## [EXERCISE GOAL]
In the entries below, find the line with "Im Erdgeschoss befinden" and the line with "探索用什么姿势进行楼道过弯,既要把降速缩减到最小程度,还要不容易撞到人。". Repeat exactly everything between them, those two lines included, but not the pictures.

## [GIVEN INFORMATION]
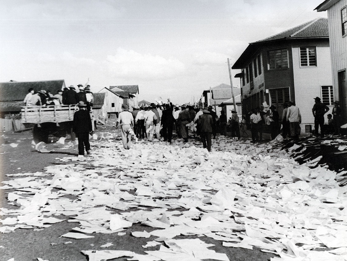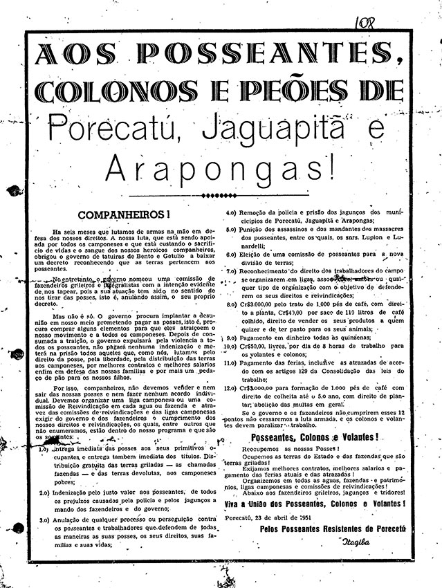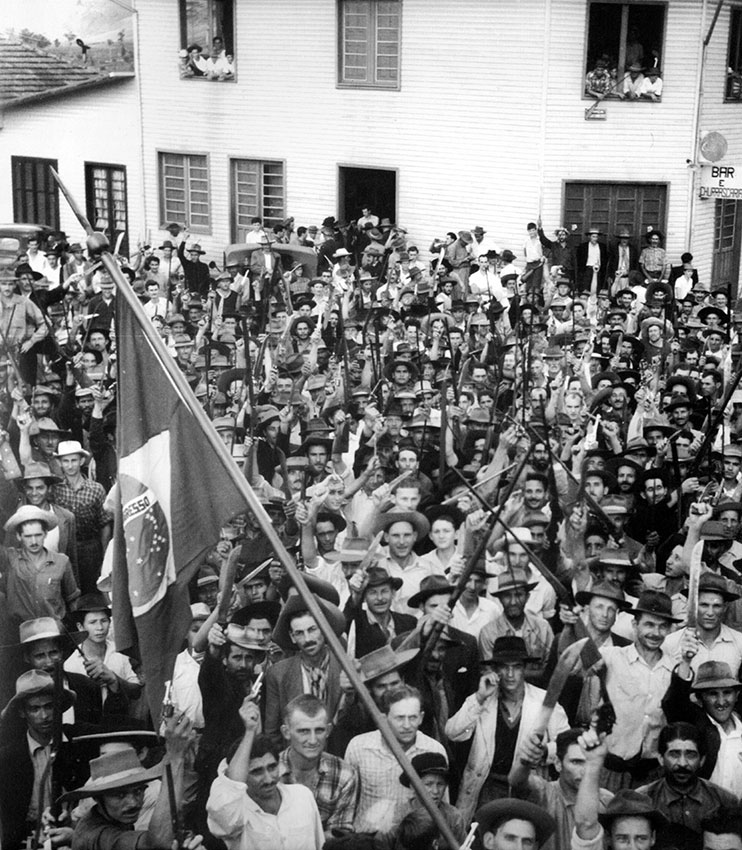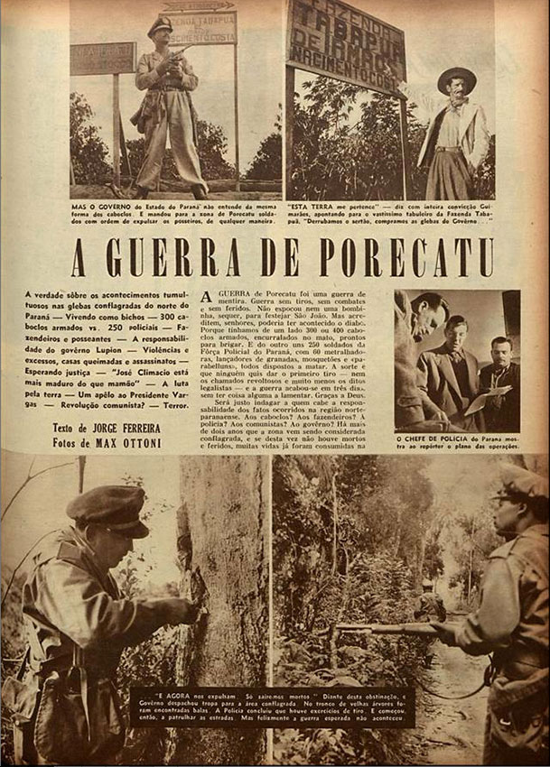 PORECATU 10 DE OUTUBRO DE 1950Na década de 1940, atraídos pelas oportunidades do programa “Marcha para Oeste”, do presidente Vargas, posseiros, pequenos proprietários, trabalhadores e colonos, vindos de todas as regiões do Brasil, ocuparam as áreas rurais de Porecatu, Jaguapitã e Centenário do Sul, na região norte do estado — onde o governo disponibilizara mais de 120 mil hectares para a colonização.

--

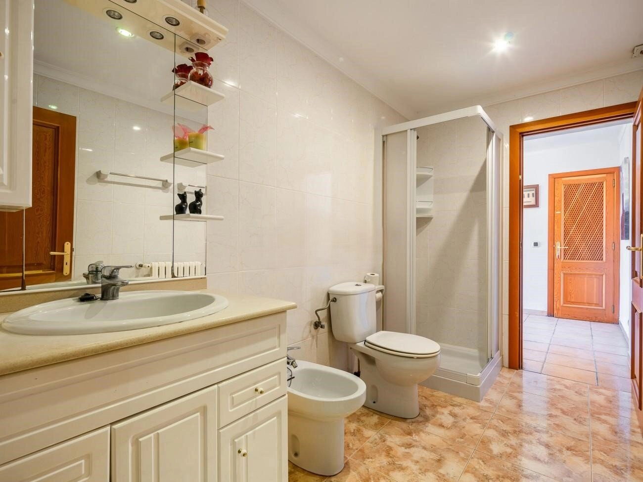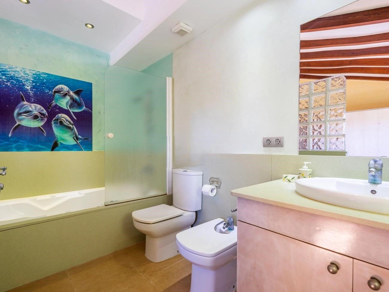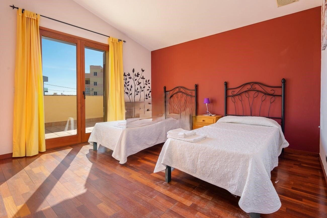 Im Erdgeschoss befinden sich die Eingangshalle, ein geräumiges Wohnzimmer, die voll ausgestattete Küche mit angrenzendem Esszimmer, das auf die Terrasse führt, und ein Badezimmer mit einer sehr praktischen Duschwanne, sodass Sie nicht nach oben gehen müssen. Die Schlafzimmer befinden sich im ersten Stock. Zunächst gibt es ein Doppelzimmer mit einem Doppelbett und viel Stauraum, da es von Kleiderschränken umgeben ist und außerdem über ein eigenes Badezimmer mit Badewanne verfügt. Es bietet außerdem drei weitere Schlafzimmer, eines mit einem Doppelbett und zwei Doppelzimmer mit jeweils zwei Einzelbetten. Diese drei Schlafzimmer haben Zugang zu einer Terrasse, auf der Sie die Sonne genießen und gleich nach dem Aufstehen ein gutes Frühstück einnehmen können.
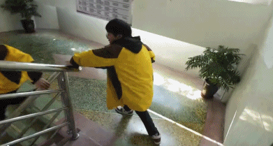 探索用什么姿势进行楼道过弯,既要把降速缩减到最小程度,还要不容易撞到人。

==

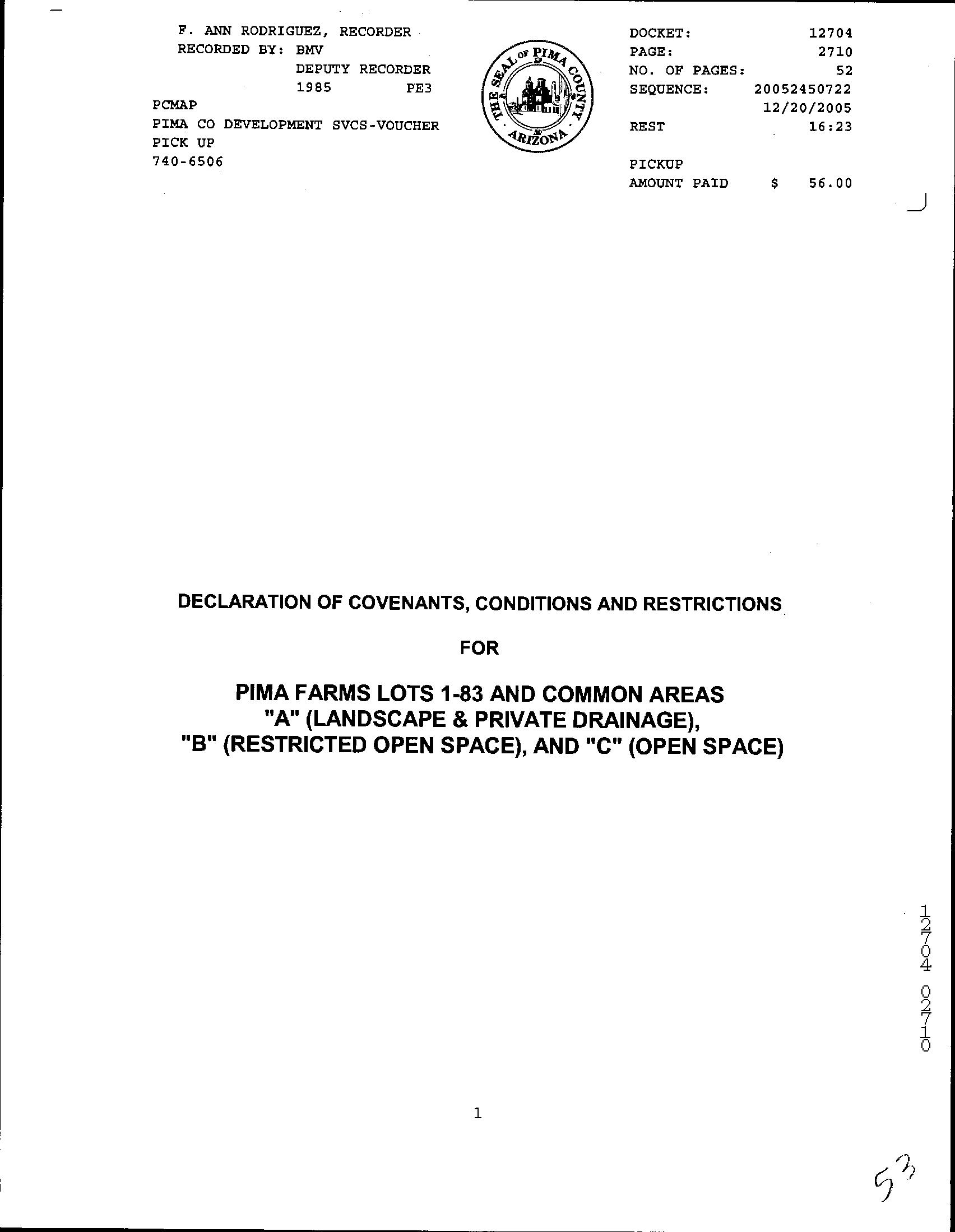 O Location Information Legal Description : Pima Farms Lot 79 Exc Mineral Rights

## [ANSWER SECTION]
 Im Erdgeschoss befinden sich die Eingangshalle, ein geräumiges Wohnzimmer, die voll ausgestattete Küche mit angrenzendem Esszimmer, das auf die Terrasse führt, und ein Badezimmer mit einer sehr praktischen Duschwanne, sodass Sie nicht nach oben gehen müssen. Die Schlafzimmer befinden sich im ersten Stock. Zunächst gibt es ein Doppelzimmer mit einem Doppelbett und viel Stauraum, da es von Kleiderschränken umgeben ist und außerdem über ein eigenes Badezimmer mit Badewanne verfügt. Es bietet außerdem drei weitere Schlafzimmer, eines mit einem Doppelbett und zwei Doppelzimmer mit jeweils zwei Einzelbetten. Diese drei Schlafzimmer haben Zugang zu einer Terrasse, auf der Sie die Sonne genießen und gleich nach dem Aufstehen ein gutes Frühstück einnehmen können.
 探索用什么姿势进行楼道过弯,既要把降速缩减到最小程度,还要不容易撞到人。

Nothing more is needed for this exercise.